» **Task instructions**
Pictures are to be left out, and only the lines below starting at the one with "野々垣ゆきこさんの総運は40画の2点!" and ending at the one with "3.Night Light Feature: Equipped" are to be reproduced, each exactly, both ends included.

» **Dataset records**
^^^^^^^^^^^^^^^^
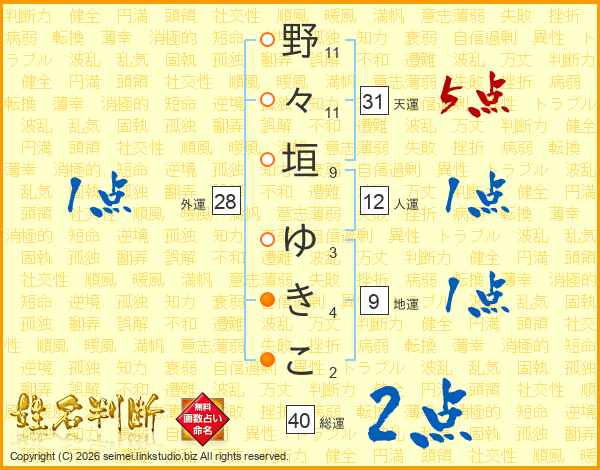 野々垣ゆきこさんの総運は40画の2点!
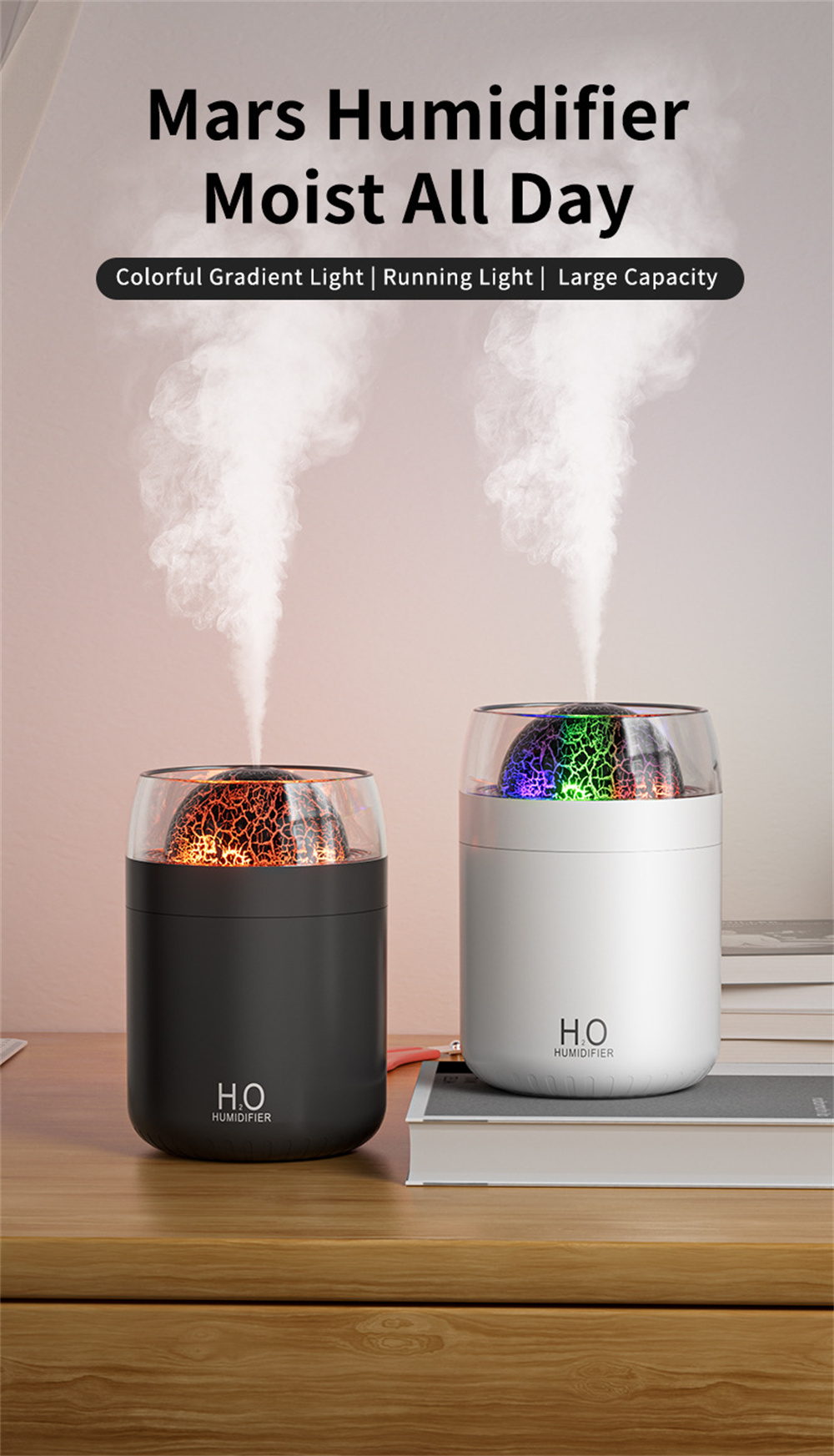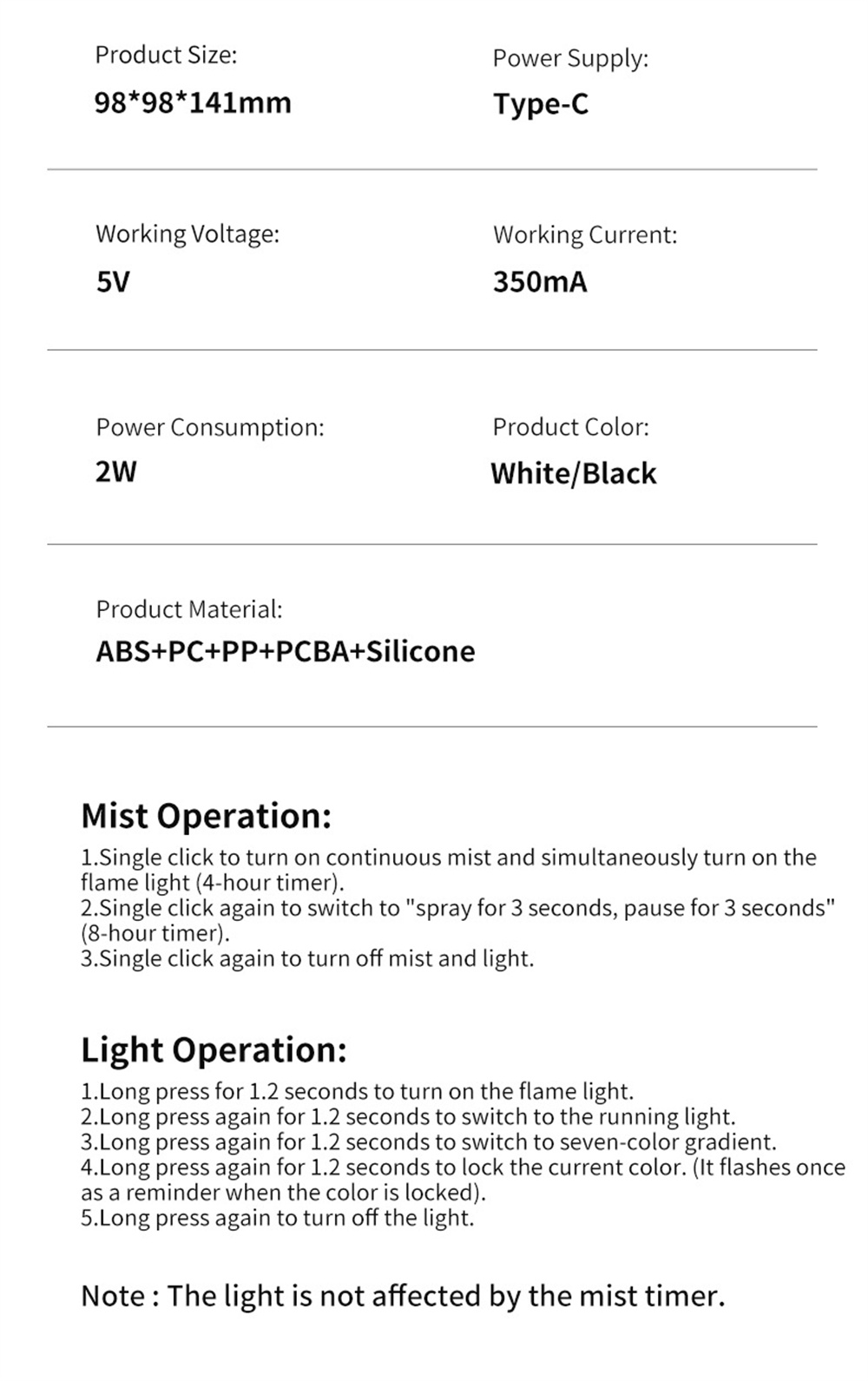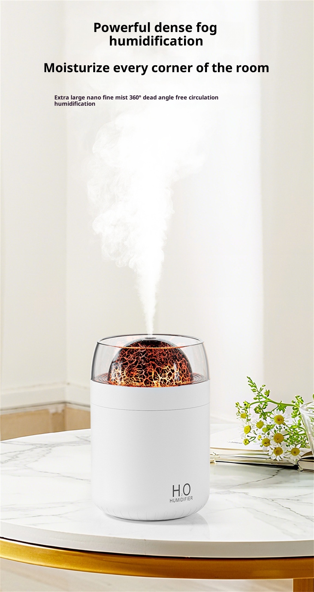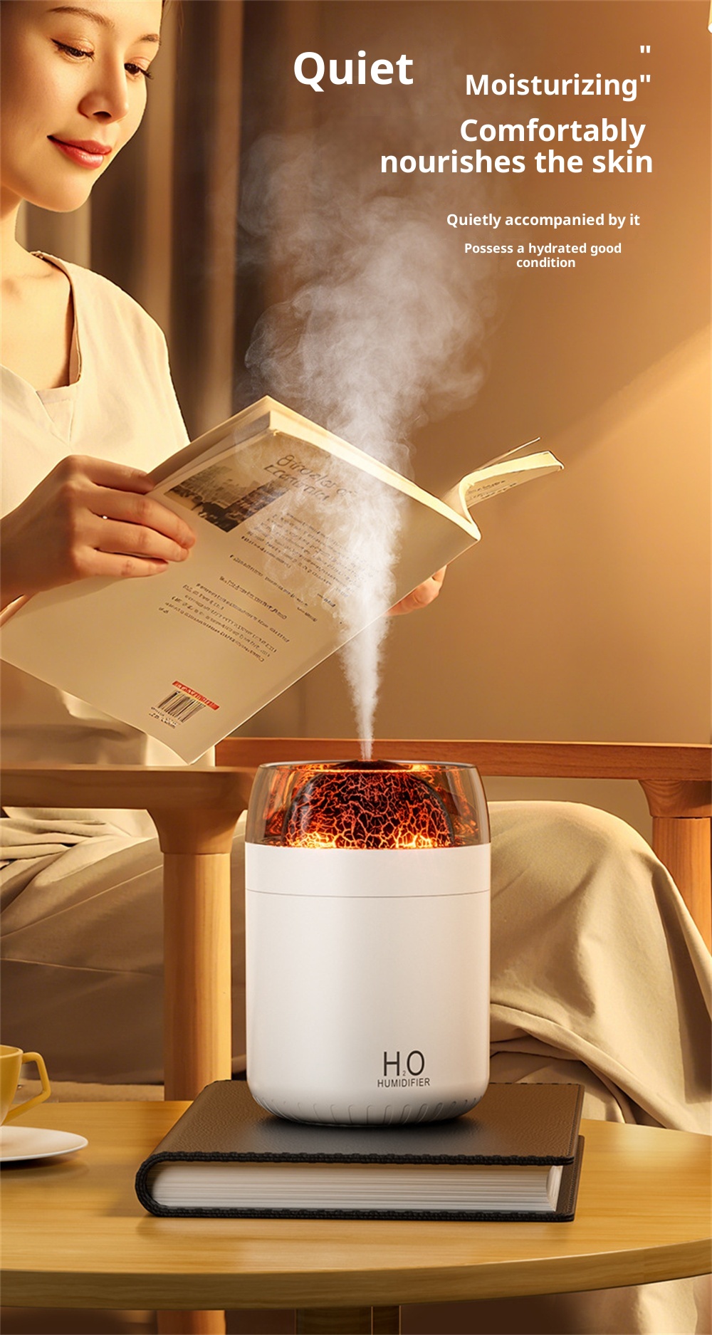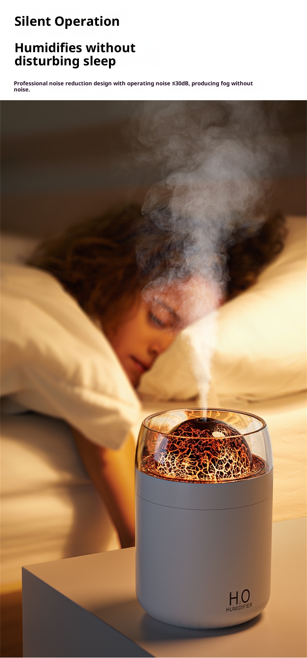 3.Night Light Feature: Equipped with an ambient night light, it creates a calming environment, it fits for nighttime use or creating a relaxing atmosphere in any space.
^^^^^^^^^^^^^^^^
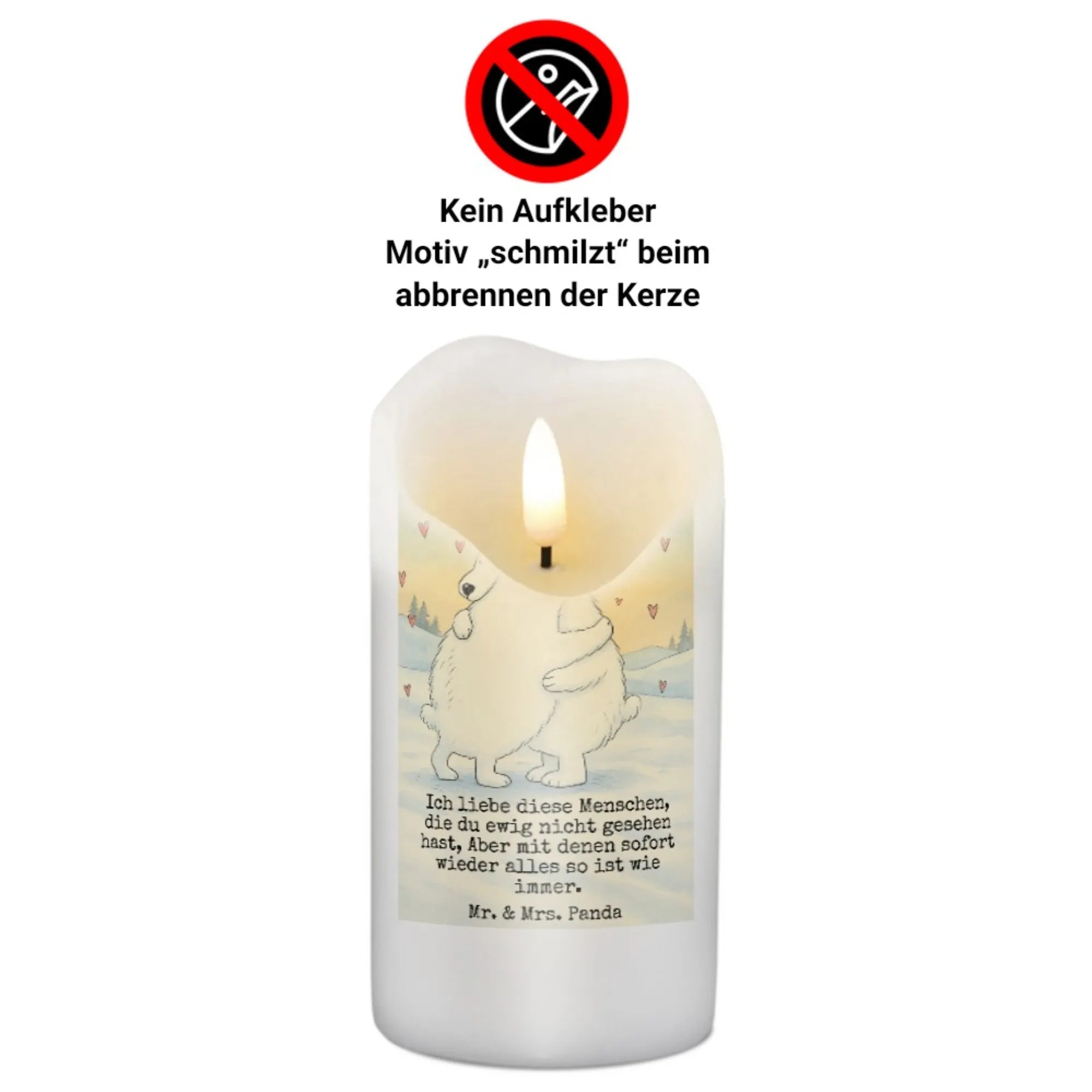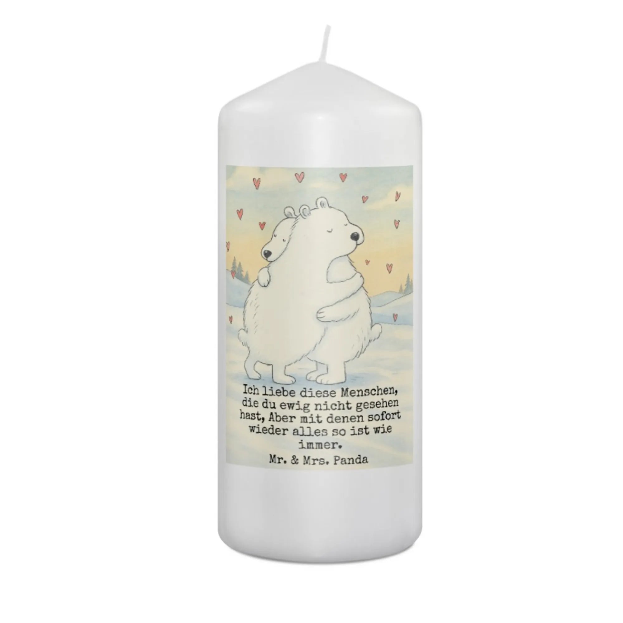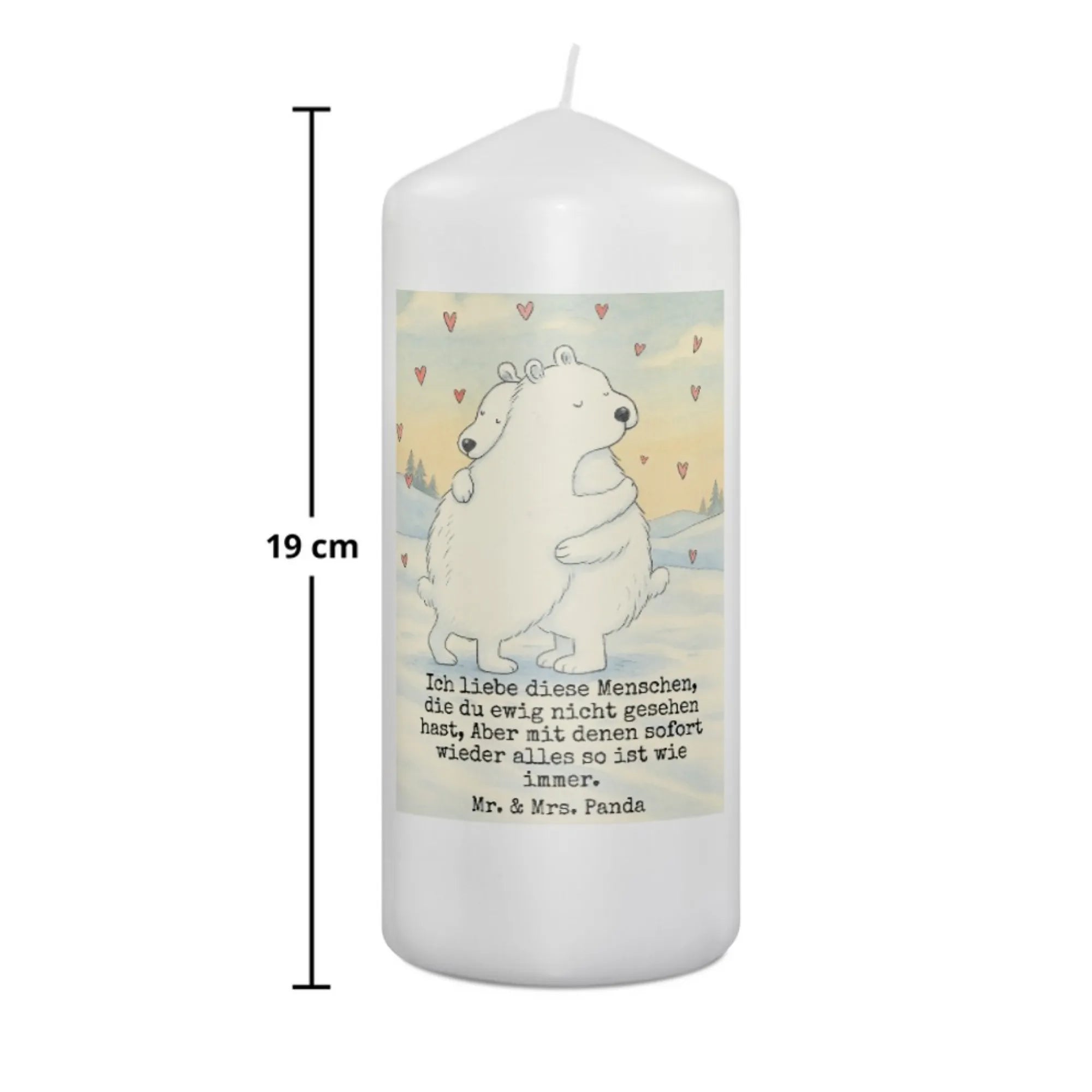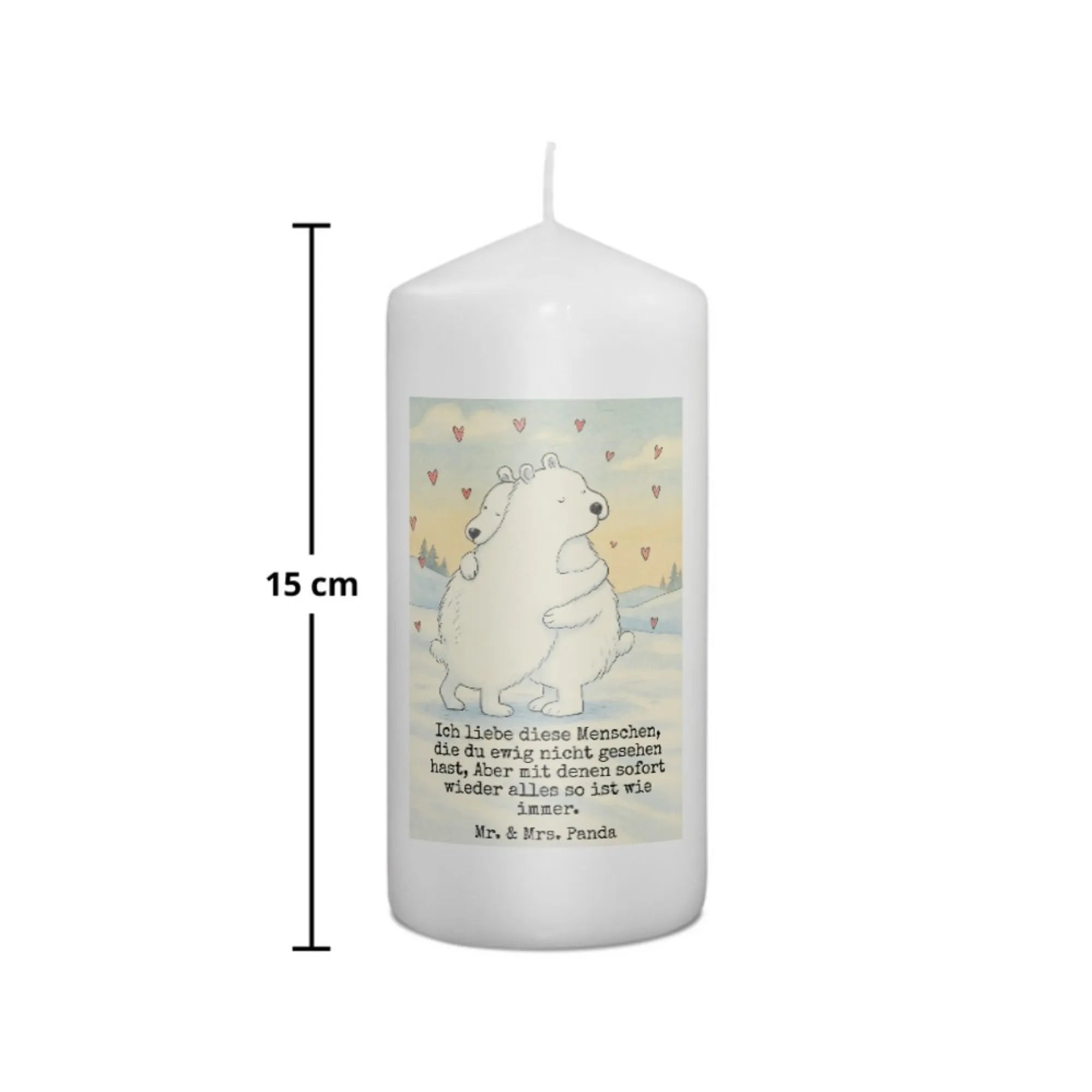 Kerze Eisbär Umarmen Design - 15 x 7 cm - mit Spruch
^^^^^^^^^^^^^^^^
» **Result of the task**
 野々垣ゆきこさんの総運は40画の2点!
 3.Night Light Feature: Equipped with an ambient night light, it creates a calming environment, it fits for nighttime use or creating a relaxing atmosphere in any space.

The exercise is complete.